Records excerpted from a collection:
-*-*-

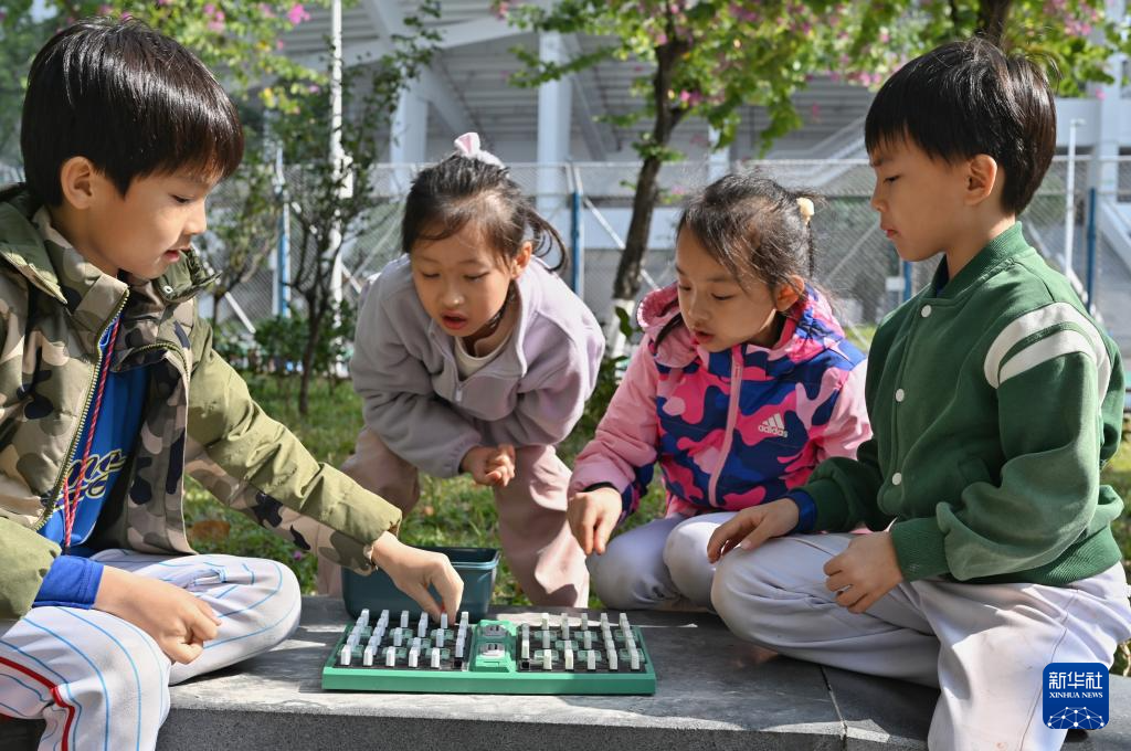 12月27日,在广州一体育场外,几名儿童在一起玩计客智能军棋玩具。
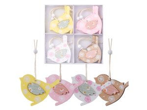 Dřevěný závěs ptáčci v krabičce v barevném provedení 8ks 90x65mm
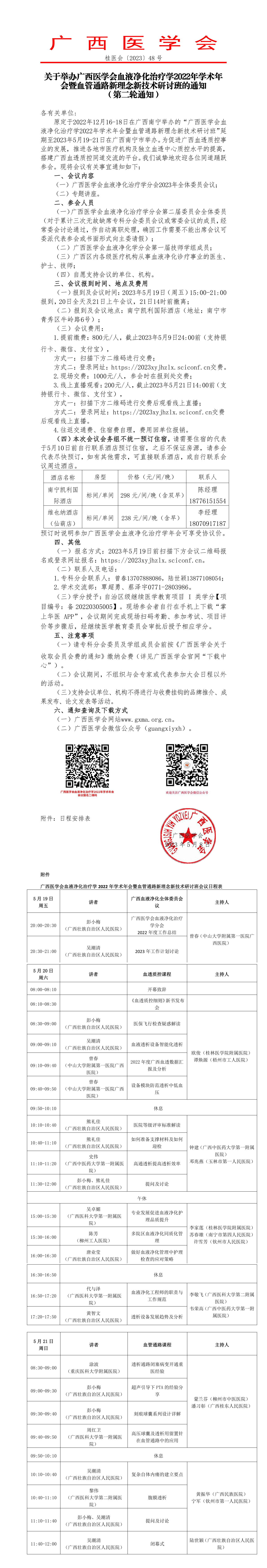 关于举办广西医学会血液净化治疗学2022年学术年会暨血管通路新理念新技术研讨班的通知(第二轮通知)
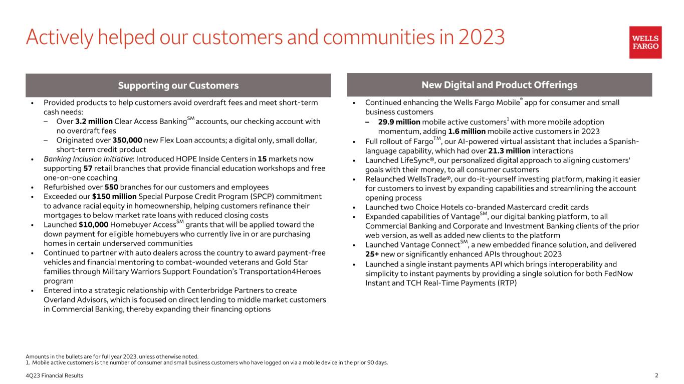 24Q23 Financial Results • Provided products to help customers avoid overdraft fees and meet short-term cash needs: – Over 3.2 million Clear Access BankingSM accounts, our checking account with no overdraft fees – Originated over 350,000 new Flex Loan accounts; a digital only, small dollar, short-term credit product • Banking Inclusion Initiative: Introduced HOPE Inside Centers in 15 markets now supporting 57 retail branches that provide financial education workshops and free one-on-one coaching • Refurbished over 550 branches for our customers and employees • Exceeded our $150 million Special Purpose Credit Program (SPCP) commitment to advance racial equity in homeownership, helping customers refinance their mortgages to below market rate loans with reduced closing costs • Launched $10,000 Homebuyer AccessSM grants that will be applied toward the down payment for eligible homebuyers who currently live in or are purchasing homes in certain underserved communities • Continued to partner with auto dealers across the country to award payment-free vehicles and financial mentoring to combat-wounded veterans and Gold Star families through Military Warriors Support Foundation’s Transportation4Heroes program • Entered into a strategic relationship with Centerbridge Partners to create Overland Advisors, which is focused on direct lending to middle market customers in Commercial Banking, thereby expanding their financing options Actively helped our customers and communities in 2023 Supporting our Customers • Continued enhancing the Wells Fargo Mobile® app for consumer and small business customers – 29.9 million mobile active customers1 with more mobile adoption momentum, adding 1.6 million mobile active customers in 2023 • Full rollout of FargoTM, our AI-powered virtual assistant that includes a Spanish- language capability, which had over 21.3 million interactions • Launched LifeSync®, our personalized digital approach to aligning customers' goals with their money, to all consumer customers • Relaunched WellsTrade®, our do-it-yourself investing platform, making it easier for customers to invest by expanding capabilities and streamlining the account opening process • Launched two Choice Hotels co-branded Mastercard credit cards • Expanded capabilities of VantageSM, our digital banking platform, to all Commercial Banking and Corporate and Investment Banking clients of the prior web version, as well as added new clients to the platform • Launched Vantage ConnectSM, a new embedded finance solution, and delivered 25+ new or significantly enhanced APIs throughout 2023 • Launched a single instant payments API which brings interoperability and simplicity to instant payments by providing a single solution for both FedNow Instant and TCH Real-Time Payments (RTP) New Digital and Product Offerings Amounts in the bullets are for full year 2023, unless otherwise noted. 1. Mobile active customers is the number of consumer and small business customers who have logged on via a mobile device in the prior 90 days.
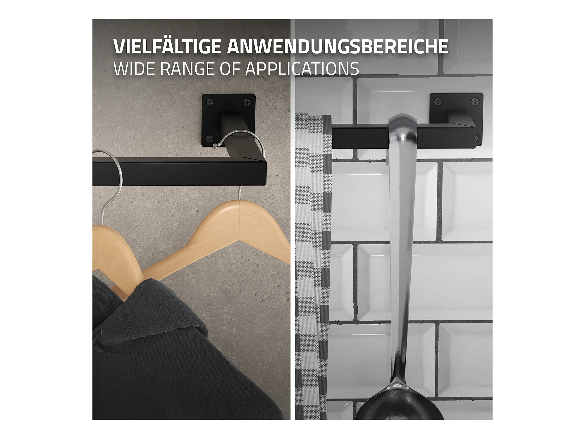 Porta asciugamani barra appendiabiti in acciaio nero attacco al muro 60 x 12 cm
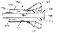 いくつかの実施例では、拡張器は、近位セグメントと、近位セグメントより遠位の遠位セグメントと、を含み得る。遠位セグメントは、近位セグメントよりも大きい最大直径を含むことができ、近位セグメントよりも大きい直径を含むことができる。遠位接触要素は、遠位セグメントから近位セグメントへの遷移を含み、プルリングと接触してプルリングを近位に並進させることにより、プルリングとの締まり嵌めを生じさせて、遠位先端部を漏斗形状に拡大させる力を伝達するように構成され得る。In some embodiments, the expander can include a proximal segment and a distal segment distal to the proximal segment. The distal segment can include a larger maximum diameter than the proximal segment and can include a larger diameter than the proximal segment. The distal contact element can include a transition from the distal segment to the proximal segment and be configured to contact the pull ring and translate the pull ring proximally to create an interference fit with the pull ring and transmit a force that expands the distal tip into a funnel shape.
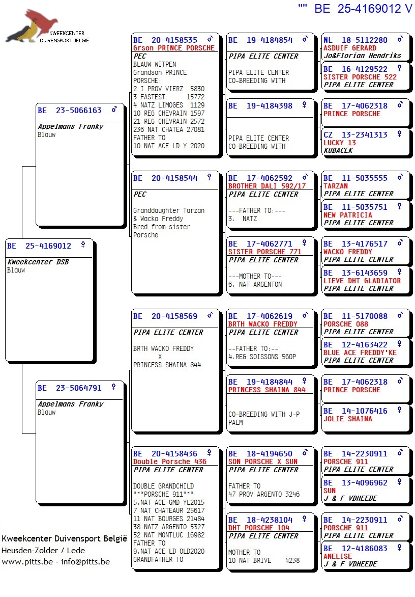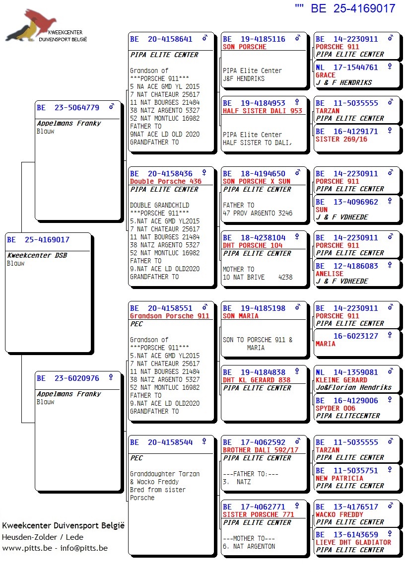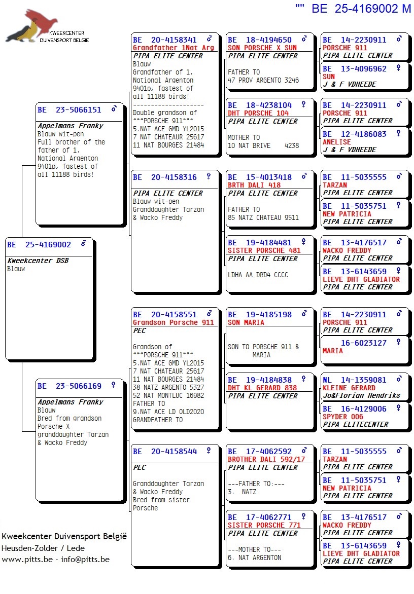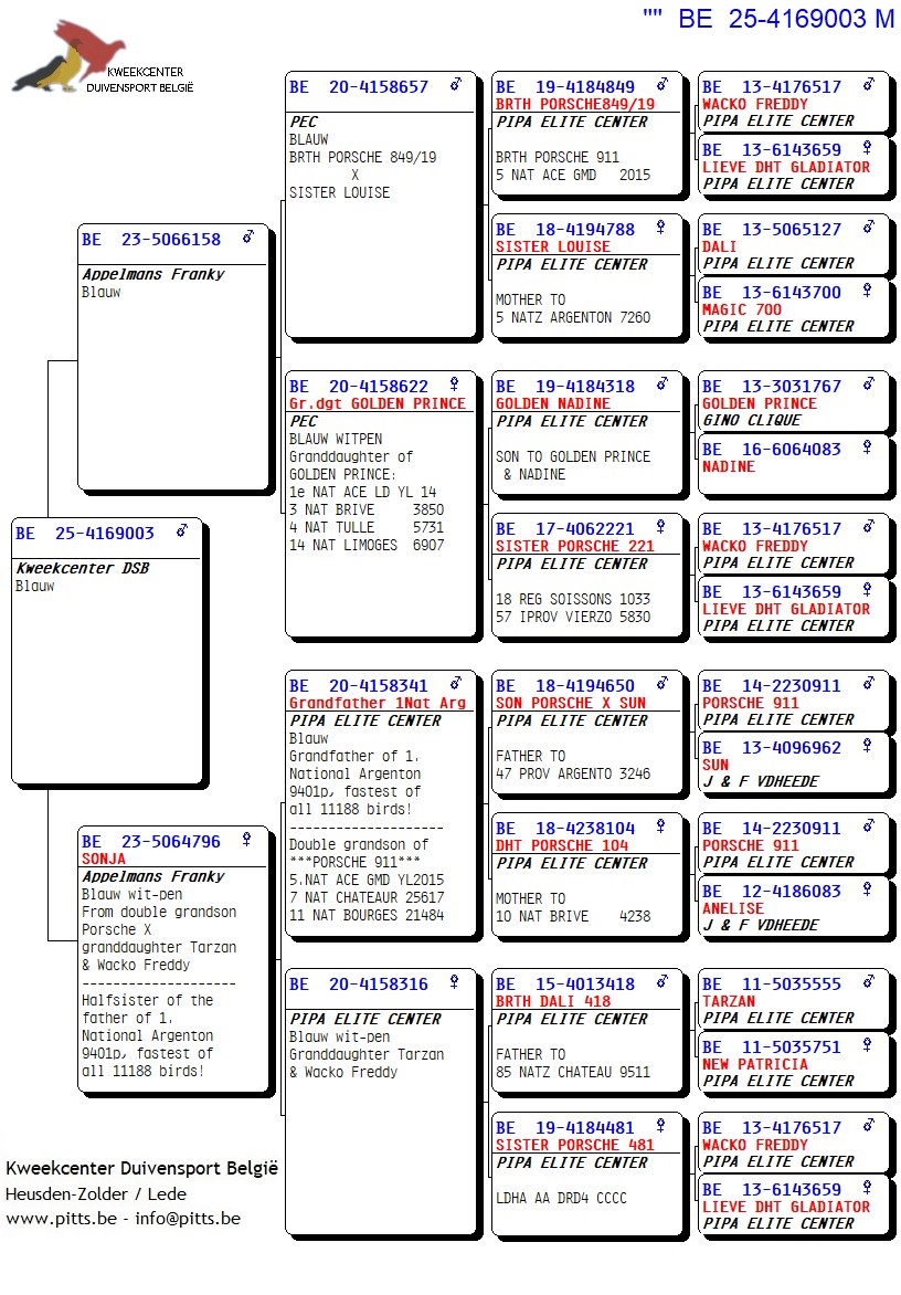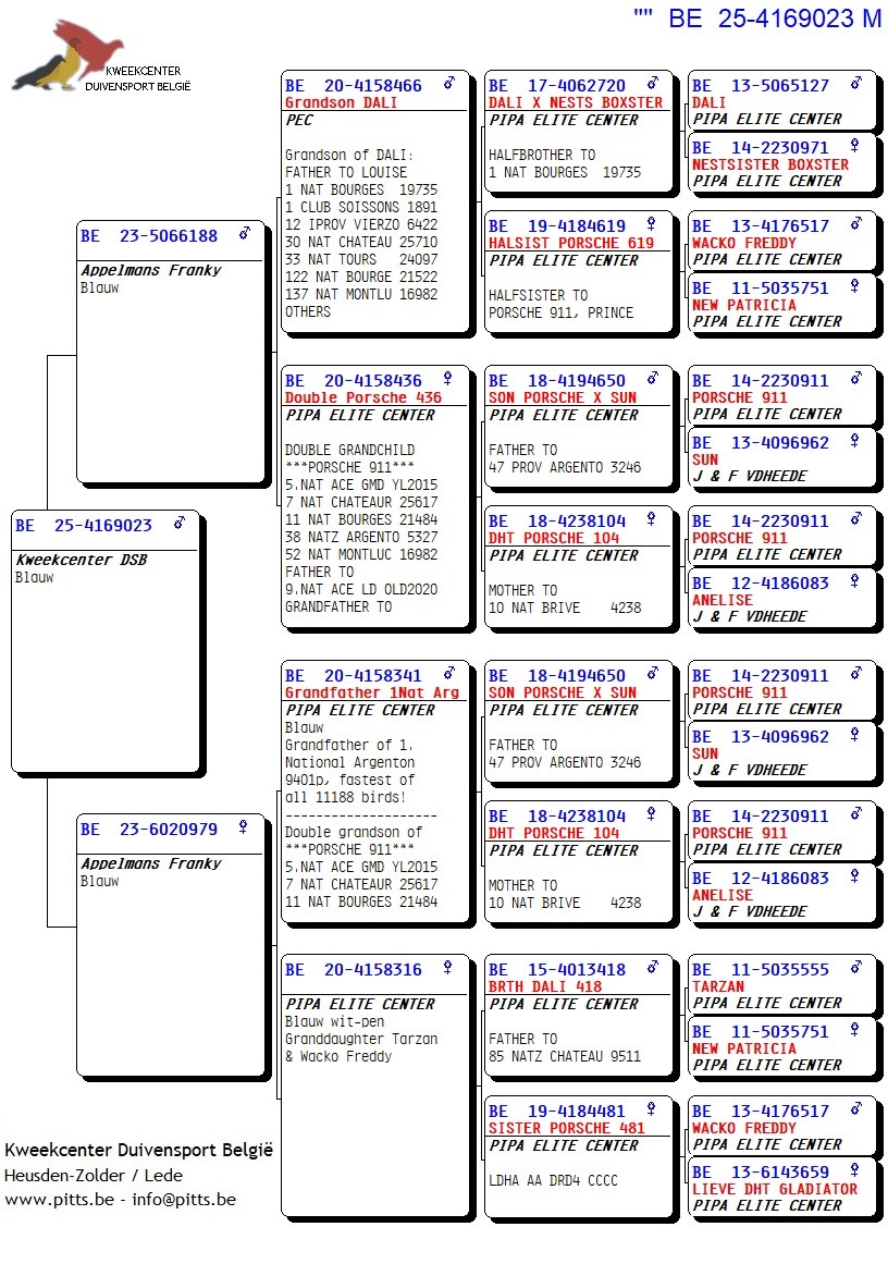 Voor deze Porsche-collectie werd een verbluffende selectie kweekduiven van Franky Appelmans naar de boxen van ons kweekcenter gebracht en zorgvuldig gekoppeld volgens hun individuele kenmerken. We bieden dan ook met trots deze selectie zomerjongen aan, stuk voor stuk teruggekoppeld naar de basis nl. "Porsche 911". Een uitgelezen kans om iets te pakken te krijgen van uit deze bewezen toplijn!
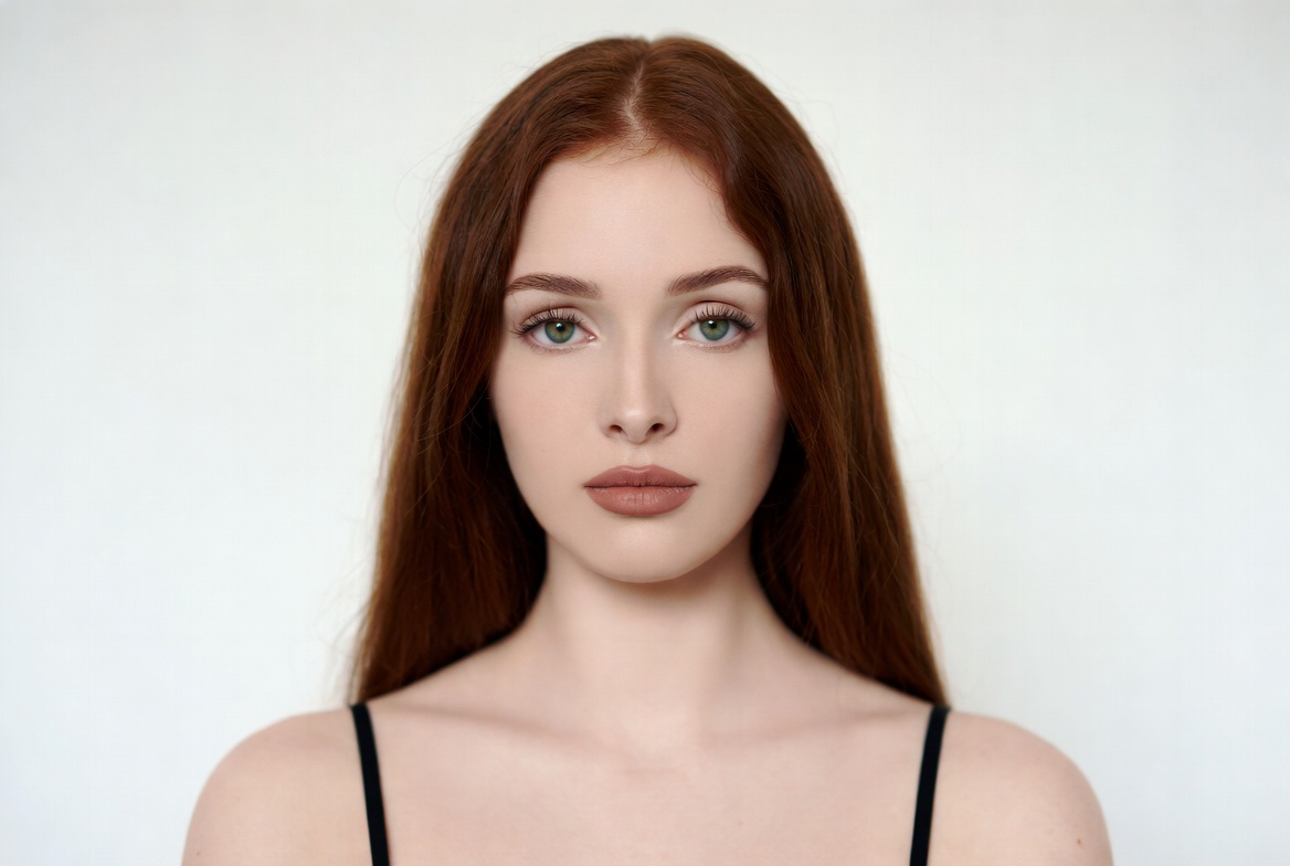 White, black straps, camisole, close-up, direct gaze, fair skin, female, green eyes, headshot, isolated background, long hair, nude lips, portrait, red hair, redhead, straight hair, subtle makeup, young woman, woman

-*-*-

• _ACTIVITY_:
Take every record and copy it word for word, dropping the pictures.

• _REPLY TO THE EXERCISE_:
 12月27日,在广州一体育场外,几名儿童在一起玩计客智能军棋玩具。
 Dřevěný závěs ptáčci v krabičce v barevném provedení 8ks 90x65mm
 关于举办广西医学会血液净化治疗学2022年学术年会暨血管通路新理念新技术研讨班的通知(第二轮通知)
 24Q23 Financial Results • Provided products to help customers avoid overdraft fees and meet short-term cash needs: – Over 3.2 million Clear Access BankingSM accounts, our checking account with no overdraft fees – Originated over 350,000 new Flex Loan accounts; a digital only, small dollar, short-term credit product • Banking Inclusion Initiative: Introduced HOPE Inside Centers in 15 markets now supporting 57 retail branches that provide financial education workshops and free one-on-one coaching • Refurbished over 550 branches for our customers and employees • Exceeded our $150 million Special Purpose Credit Program (SPCP) commitment to advance racial equity in homeownership, helping customers refinance their mortgages to below market rate loans with reduced closing costs • Launched $10,000 Homebuyer AccessSM grants that will be applied toward the down payment for eligible homebuyers who currently live in or are purchasing homes in certain underserved communities • Continued to partner with auto dealers across the country to award payment-free vehicles and financial mentoring to combat-wounded veterans and Gold Star families through Military Warriors Support Foundation’s Transportation4Heroes program • Entered into a strategic relationship with Centerbridge Partners to create Overland Advisors, which is focused on direct lending to middle market customers in Commercial Banking, thereby expanding their financing options Actively helped our customers and communities in 2023 Supporting our Customers • Continued enhancing the Wells Fargo Mobile® app for consumer and small business customers – 29.9 million mobile active customers1 with more mobile adoption momentum, adding 1.6 million mobile active customers in 2023 • Full rollout of FargoTM, our AI-powered virtual assistant that includes a Spanish- language capability, which had over 21.3 million interactions • Launched LifeSync®, our personalized digital approach to aligning customers' goals with their money, to all consumer customers • Relaunched WellsTrade®, our do-it-yourself investing platform, making it easier for customers to invest by expanding capabilities and streamlining the account opening process • Launched two Choice Hotels co-branded Mastercard credit cards • Expanded capabilities of VantageSM, our digital banking platform, to all Commercial Banking and Corporate and Investment Banking clients of the prior web version, as well as added new clients to the platform • Launched Vantage ConnectSM, a new embedded finance solution, and delivered 25+ new or significantly enhanced APIs throughout 2023 • Launched a single instant payments API which brings interoperability and simplicity to instant payments by providing a single solution for both FedNow Instant and TCH Real-Time Payments (RTP) New Digital and Product Offerings Amounts in the bullets are for full year 2023, unless otherwise noted. 1. Mobile active customers is the number of consumer and small business customers who have logged on via a mobile device in the prior 90 days.
 Porta asciugamani barra appendiabiti in acciaio nero attacco al muro 60 x 12 cm
 いくつかの実施例では、拡張器は、近位セグメントと、近位セグメントより遠位の遠位セグメントと、を含み得る。遠位セグメントは、近位セグメントよりも大きい最大直径を含むことができ、近位セグメントよりも大きい直径を含むことができる。遠位接触要素は、遠位セグメントから近位セグメントへの遷移を含み、プルリングと接触してプルリングを近位に並進させることにより、プルリングとの締まり嵌めを生じさせて、遠位先端部を漏斗形状に拡大させる力を伝達するように構成され得る。In some embodiments, the expander can include a proximal segment and a distal segment distal to the proximal segment. The distal segment can include a larger maximum diameter than the proximal segment and can include a larger diameter than the proximal segment. The distal contact element can include a transition from the distal segment to the proximal segment and be configured to contact the pull ring and translate the pull ring proximally to create an interference fit with the pull ring and transmit a force that expands the distal tip into a funnel shape.
 Voor deze Porsche-collectie werd een verbluffende selectie kweekduiven van Franky Appelmans naar de boxen van ons kweekcenter gebracht en zorgvuldig gekoppeld volgens hun individuele kenmerken. We bieden dan ook met trots deze selectie zomerjongen aan, stuk voor stuk teruggekoppeld naar de basis nl. "Porsche 911". Een uitgelezen kans om iets te pakken te krijgen van uit deze bewezen toplijn!
 White, black straps, camisole, close-up, direct gaze, fair skin, female, green eyes, headshot, isolated background, long hair, nude lips, portrait, red hair, redhead, straight hair, subtle makeup, young woman, woman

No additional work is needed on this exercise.